# COLLECTED DATA
* * * * * * *

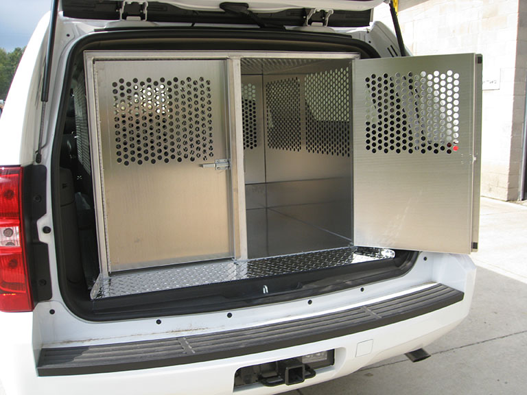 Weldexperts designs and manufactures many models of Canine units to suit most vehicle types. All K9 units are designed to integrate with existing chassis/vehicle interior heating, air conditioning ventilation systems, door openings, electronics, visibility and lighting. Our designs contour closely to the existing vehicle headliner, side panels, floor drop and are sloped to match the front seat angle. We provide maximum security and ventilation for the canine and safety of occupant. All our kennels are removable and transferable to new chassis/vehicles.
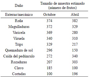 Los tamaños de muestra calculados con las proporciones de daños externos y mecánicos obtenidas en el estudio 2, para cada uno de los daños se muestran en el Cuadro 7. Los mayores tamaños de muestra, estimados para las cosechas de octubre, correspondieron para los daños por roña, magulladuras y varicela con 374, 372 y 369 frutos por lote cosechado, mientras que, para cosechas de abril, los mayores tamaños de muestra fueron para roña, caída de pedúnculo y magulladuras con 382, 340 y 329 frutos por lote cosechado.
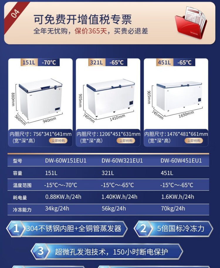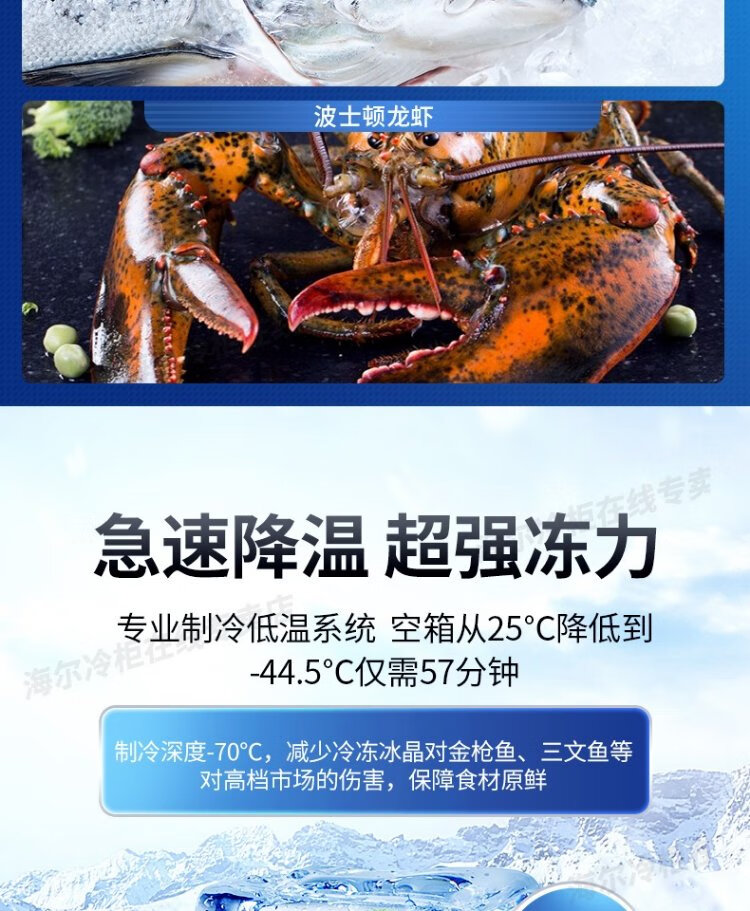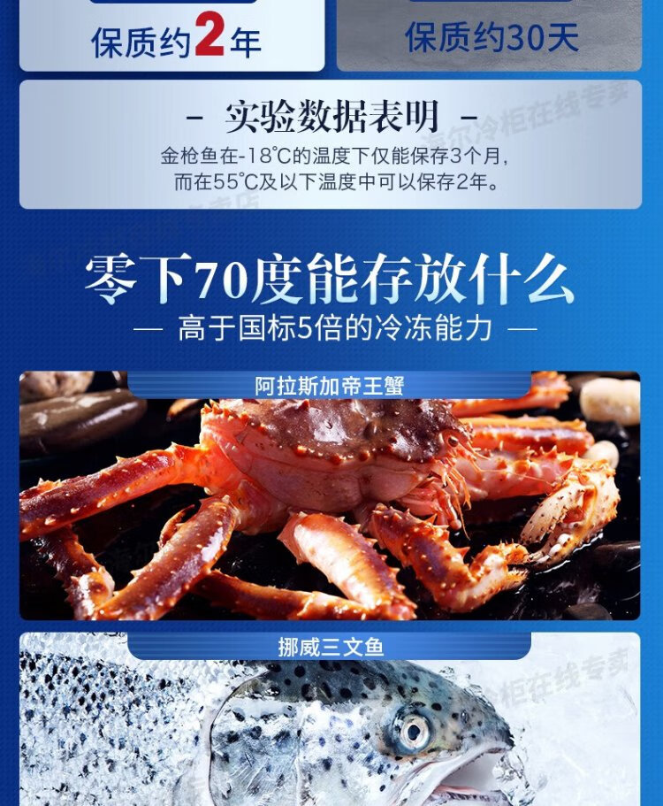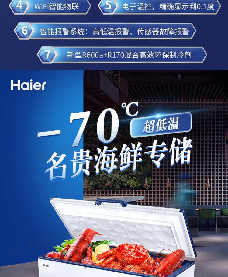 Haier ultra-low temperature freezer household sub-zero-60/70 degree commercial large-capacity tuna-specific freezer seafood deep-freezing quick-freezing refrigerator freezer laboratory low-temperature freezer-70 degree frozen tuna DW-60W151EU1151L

* * * * * * *

# EXERCISE PROMPT
Return the listing above unaltered, omitting its pictures.

# TASK SOLUTION
 Weldexperts designs and manufactures many models of Canine units to suit most vehicle types. All K9 units are designed to integrate with existing chassis/vehicle interior heating, air conditioning ventilation systems, door openings, electronics, visibility and lighting. Our designs contour closely to the existing vehicle headliner, side panels, floor drop and are sloped to match the front seat angle. We provide maximum security and ventilation for the canine and safety of occupant. All our kennels are removable and transferable to new chassis/vehicles.
 Los tamaños de muestra calculados con las proporciones de daños externos y mecánicos obtenidas en el estudio 2, para cada uno de los daños se muestran en el Cuadro 7. Los mayores tamaños de muestra, estimados para las cosechas de octubre, correspondieron para los daños por roña, magulladuras y varicela con 374, 372 y 369 frutos por lote cosechado, mientras que, para cosechas de abril, los mayores tamaños de muestra fueron para roña, caída de pedúnculo y magulladuras con 382, 340 y 329 frutos por lote cosechado.
 Haier ultra-low temperature freezer household sub-zero-60/70 degree commercial large-capacity tuna-specific freezer seafood deep-freezing quick-freezing refrigerator freezer laboratory low-temperature freezer-70 degree frozen tuna DW-60W151EU1151L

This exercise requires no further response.